Mary ran out of the room, slamming the door behind her, and as she went up the rickety stairs, her hands over her ears, she could not keep out that sound of laughter and wild song that echoed down the draughty passage, following her to her room, penetrating through the cracks on the floor boards.
She felt very sick and threw herself on her bed, her head in her hands. There was a babel of noise in the yard below, and yells of laughter, while a stream of light from a tossing lantern cast a beam up to her window. She got up and pulled down the blind, but not before she had seen the outline of a quivering, naked form bound across the yard with great loping strides, screaming like a hare and pursued by a handful of hooting, jeering men, with Joss Merlyn's giant figure in the lead cracking a horsewhip above his head.

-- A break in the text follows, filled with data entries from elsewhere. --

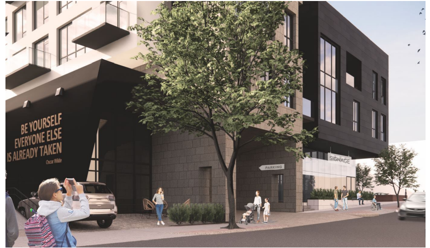
Rendering showing King Street elevation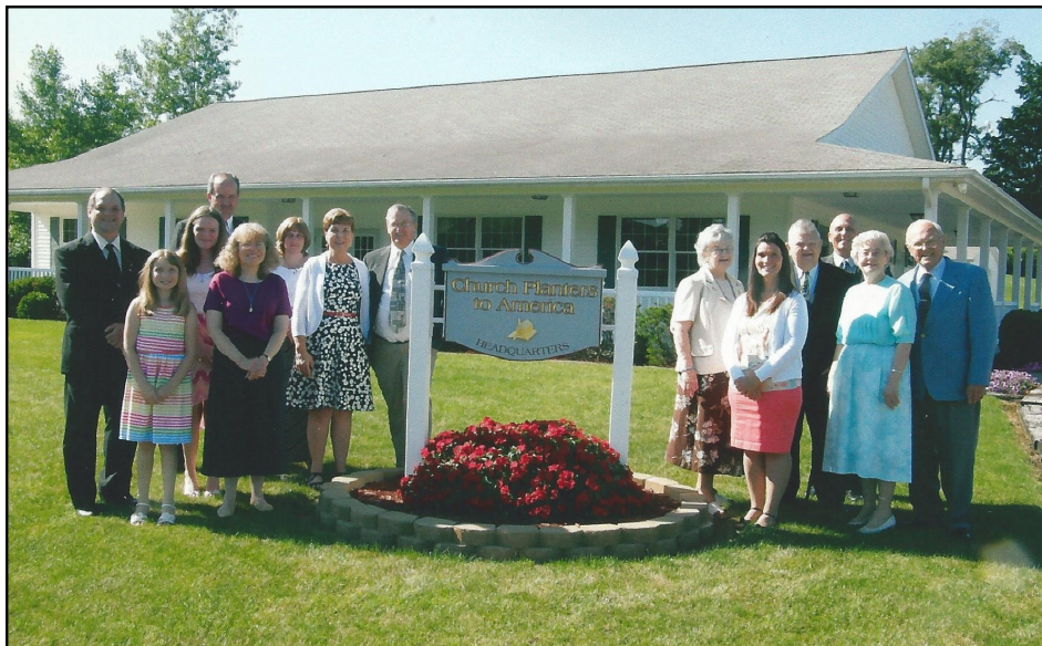
C.P.A. Mission Family

Throughout the week testimonies, good Bible preaching by our missionary pastors, special music and a variety of activities will be enjoyed by all. It is always a blessing to share ministry and family experiences. Church Planters to America is a family of people who have been called to help revitalize churches that are going through difficult times.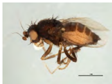
[Lateral] Sphaeroceridae BIN URI: BOLD:AAG7275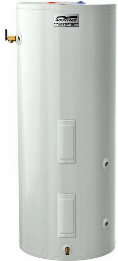
SSX62-80H-045S and SSX62-119H-045S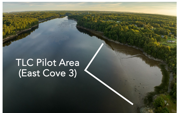
TLC Pilot Area (East Cove 3)

For updates: penobscotriverremediation.com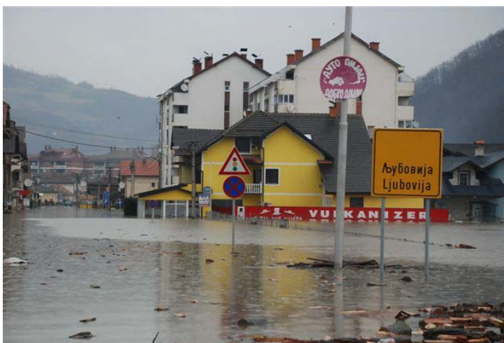
Ljubovija under water.

Summary: Due to the heavy rain in Montenegro, Bosnia and Herzegovina/ Republic of Srpska, the water level in rivers Drina and Lim has been on a steady increase since 1 December until 3 rd December, with water spilling out of the river beds and flooding the houses, buildings and agricultural land in five municipalities in the western Serbia. 3000 people were evacuated between 1 st and 3 rd December and approximately 720 houses are under water at the moment. The levels of Drina and Lim rivers have been receding since 4 th December, however the river Sava's water level is on the rise further endangering several municipalities along its bank, including the capitol, Belgrade. The Red Cross of Serbia has reacted immediately, doing rapid assessment of needs in the five affected municipalities and distributing food and non food items to affected and evacuated people from 960 households. This DREF operation will include replenishment of emergency stocks of the Red Cross of Serbia, another distribution of hygiene parcels and assistance with water draining, mud removal and dehumidifying of living facilities for approximately 4000 people. The operation is expected to be implemented over four months and will be therefore completed by the end of March 2011. A final report will be available by the end of June 2011 (three months after the end of operation).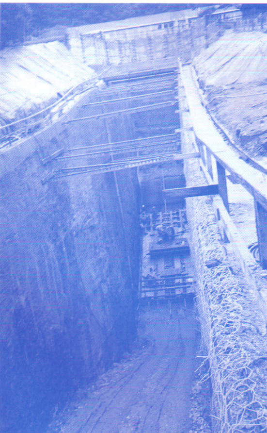
It's a long way down, but what is it?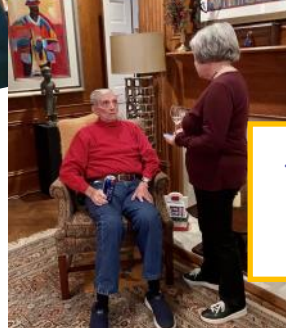
THEOLOGY ON TAP CHRISTMAS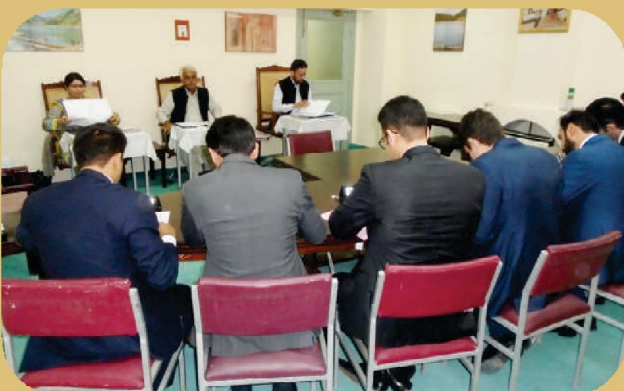
View of Psychological Assessment group activities of written qualified candidates CSS-2017.

Then Mary did as her uncle had told her. She undressed hurriedly and crept into bed, pulling the blanket over her head, stuffing her fingers in her ears, her only thought now to be deaf to the horror and the revelry below; but even with eyes shut and face pressed tight against the pillow, she could see the purple blotched face of the poor idiot man upturned towards his captors, and she could hear the thin echo of his cry as he stumbled into the ditch and fell.

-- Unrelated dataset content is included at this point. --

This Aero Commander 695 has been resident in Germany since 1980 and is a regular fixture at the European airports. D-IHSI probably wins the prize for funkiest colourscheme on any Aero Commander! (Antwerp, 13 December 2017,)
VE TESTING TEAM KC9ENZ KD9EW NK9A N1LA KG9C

She lay in that half-conscious state that waits on the borderland of sleep, when the events of the past day crowd into the mind and make a jumble of confusion. Images danced before her, and the heads of unknown people, and though at times she seemed to be wandering on the moor, with the great crag of Kilmar dwarfing the neighbouring hills, she was aware of the little path of light made by the moon on her bedroom floor, and the steady rattle of the window blind. There had been voices, and now there were none; somewhere far away on the highroad a horse galloped, and wheels rumbled, but now all was still. She slept; and then, without warning, she heard something snap in the peace of mind that had enfolded her, and she was awake suddenly, sitting up in bed, with the moonlight streaming on her face.

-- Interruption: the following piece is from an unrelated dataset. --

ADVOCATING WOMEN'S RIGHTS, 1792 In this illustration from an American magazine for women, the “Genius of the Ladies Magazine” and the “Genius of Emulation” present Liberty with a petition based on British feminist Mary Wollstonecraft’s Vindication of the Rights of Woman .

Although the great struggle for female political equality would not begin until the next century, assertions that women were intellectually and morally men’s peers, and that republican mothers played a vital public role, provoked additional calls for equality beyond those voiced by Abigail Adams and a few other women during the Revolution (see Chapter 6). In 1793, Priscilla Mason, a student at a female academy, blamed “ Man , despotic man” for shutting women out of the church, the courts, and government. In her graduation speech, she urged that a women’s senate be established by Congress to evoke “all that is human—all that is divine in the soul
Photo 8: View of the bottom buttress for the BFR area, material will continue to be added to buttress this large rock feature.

She listened, hearing nothing at first but the thumping of her own heart, but in a few minutes there came another sound, from beneath her room this time — the sound of heavy things being dragged along the stone flags in the passage downstairs, bumping against the walls.
She got out of bed and went to the window, pulling aside an inch of blind. Five waggons were drawn up in the yard outside. Three were covered, each drawn by a pair of horses, and the remaining two were open farm carts. One of the covered waggons stood directly beneath the porch, and the horses were steaming.
Gathered round the waggons were some of the men who had been drinking in the bar earlier in the evening; the cobbler from Launceston was standing under Mary's window, talking to the horse dealer; the sailor from Padstow had come to his senses and was patting the head of a horse; the pedlar who had tortured the poor idiot was climbing into one of the open carts and lifting something from the floor. And there were strangers in the yard whom Mary had never seen before. She could see their faces clearly because of the moonlight, the very brightness of which seemed to worry the men, for one of them pointed upwards and shook his head, while his companion shrugged his shoulders, and another man, who had an air of authority about him, waved his arm impatiently, as though urging them to make haste, and the three of them turned at once and passed under the porch into the inn. Meanwhile the heavy dragging sound continued, and Mary could trace the direction of it without difficulty from where she stood. Something was being taken along the passage to the room at the end, the room with the barred windows and the bolted door.